*** DATA SEGMENT ***

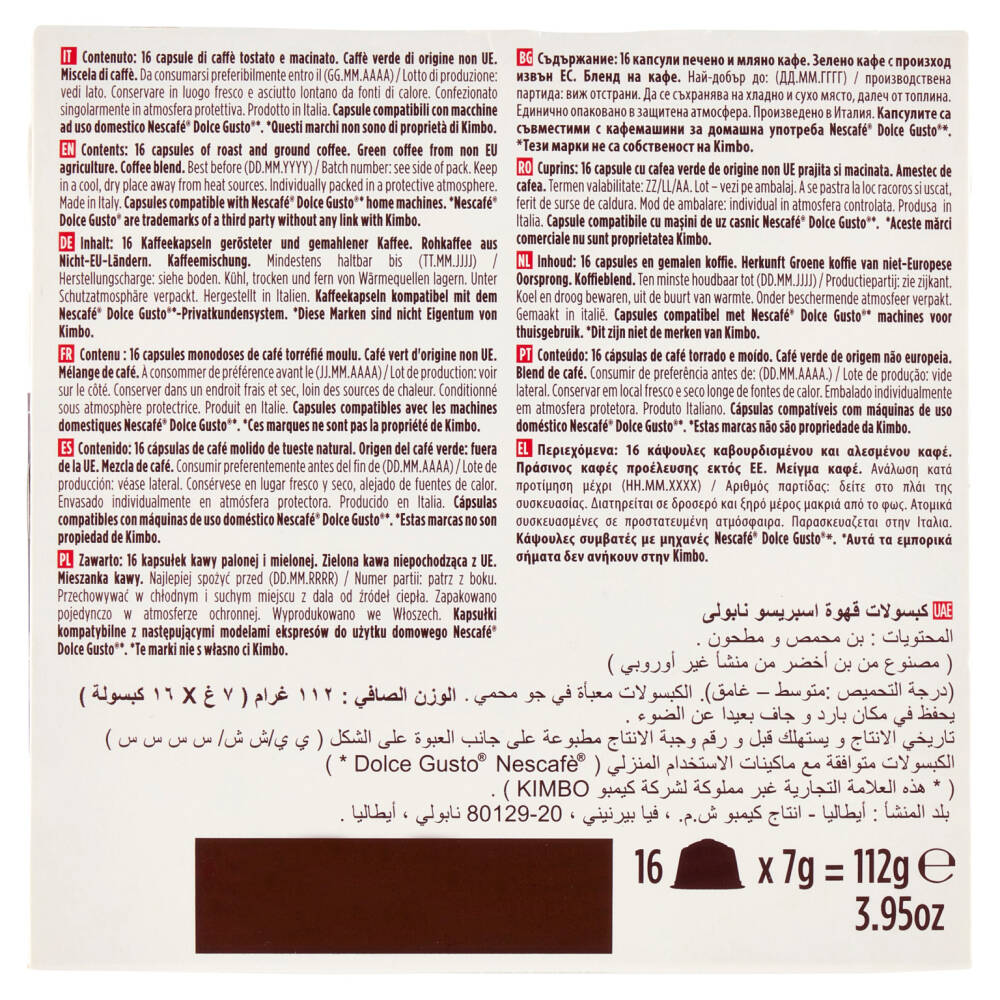 Contenuto: 16 capsule di caffè tostato e macinato. Caffè verde di origine non UE. Miscela di caffè
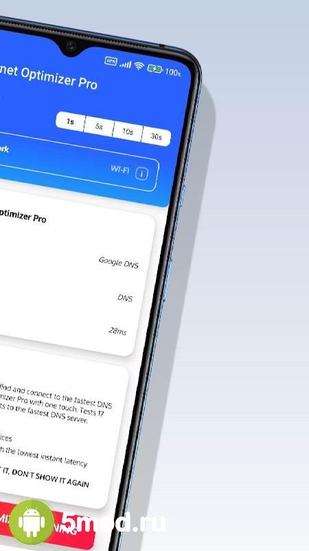 DNS changer PRO: Net Optimizer - приложение для пользователей мобильных гаджетов, что страдают от "странного" поведения их соединения. Проект позволит и провести тестирование того, что есть сейчас и в последующем реализовать оптимизацию. Тем самым выбрав оптимальный вариант DNS-сервера и так далее. В итоге заметив существенное улучшение показателей и комфортности взаимодействия. Можно всё делать в ручном режиме или же отдаться на волю автоматических манипуляций. В любом случае результат будет достигнут. Всем желающим изменить ситуацию и сделать всё более продуктивным обязательно стоит обратить внимание на этот продукт.
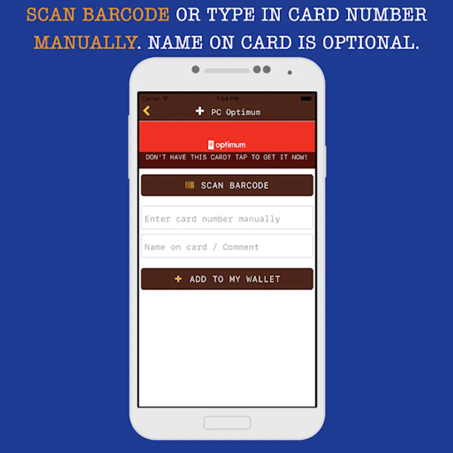 * Easy scan of the barcode or QR-code from your card.

*** End of DATA SEGMENT ***

Beginning with the line that holds "DNS changer PRO: Net", extract every line to the end of the material, exactly as it stands, and drop the pictures.

RESULT ::
 DNS changer PRO: Net Optimizer - приложение для пользователей мобильных гаджетов, что страдают от "странного" поведения их соединения. Проект позволит и провести тестирование того, что есть сейчас и в последующем реализовать оптимизацию. Тем самым выбрав оптимальный вариант DNS-сервера и так далее. В итоге заметив существенное улучшение показателей и комфортности взаимодействия. Можно всё делать в ручном режиме или же отдаться на волю автоматических манипуляций. В любом случае результат будет достигнут. Всем желающим изменить ситуацию и сделать всё более продуктивным обязательно стоит обратить внимание на этот продукт.
 * Easy scan of the barcode or QR-code from your card.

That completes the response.